A blatant contradiction like this happens with every one of the paragraph long story prompts I use to test LLMs with, and in every case because it's stubbornly sticking to pre-packaged story telling elements like suspense and happy endings. I know that this doesn't have to be the case because other LLMs are smart enough to avoid these contradictions (e.g. the door suddenly opened vs first hearing footsteps coming down the hall). And it's not like it can't comprehend the prompt because when I ask why hearing foot steps coming up the hall precludes getting caught it can explain why, then it will tell the story again while making the correction.

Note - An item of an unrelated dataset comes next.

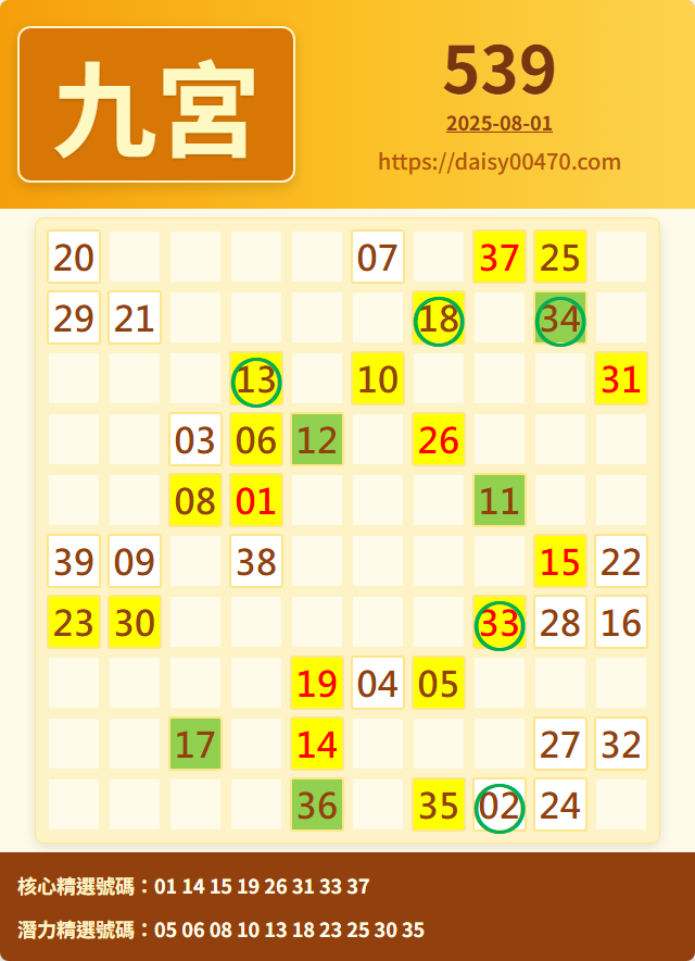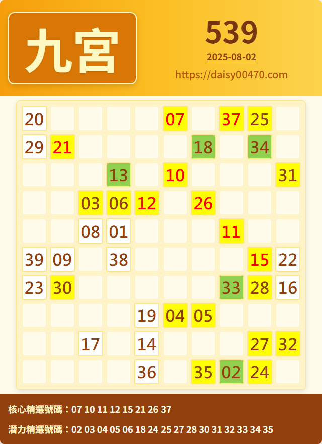 8/2 今彩539 九宮 精選 高機牌 合牌參考
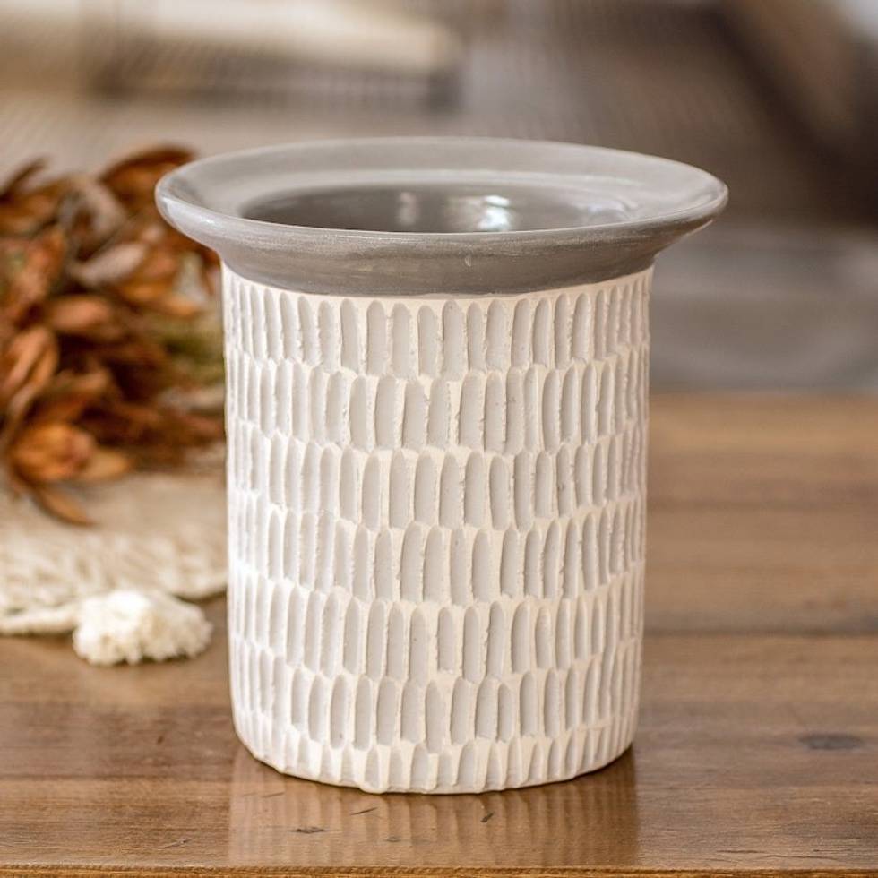 Handcrafted Textured Watertight Ceramic Vase from Guatemala 'Art and Elegance in Grey' Item ID: 2671768836

In short, prompting Zephyr Beta to tell a story turns into a battle against the pre-package story telling elements. Other than this, Zephyr Beta is great and did far better during my testing than Zephyr Alpha, which has the same story telling stubbornness, resulting in blatant contradictions not even human toddlers would make when following the prompted instructions.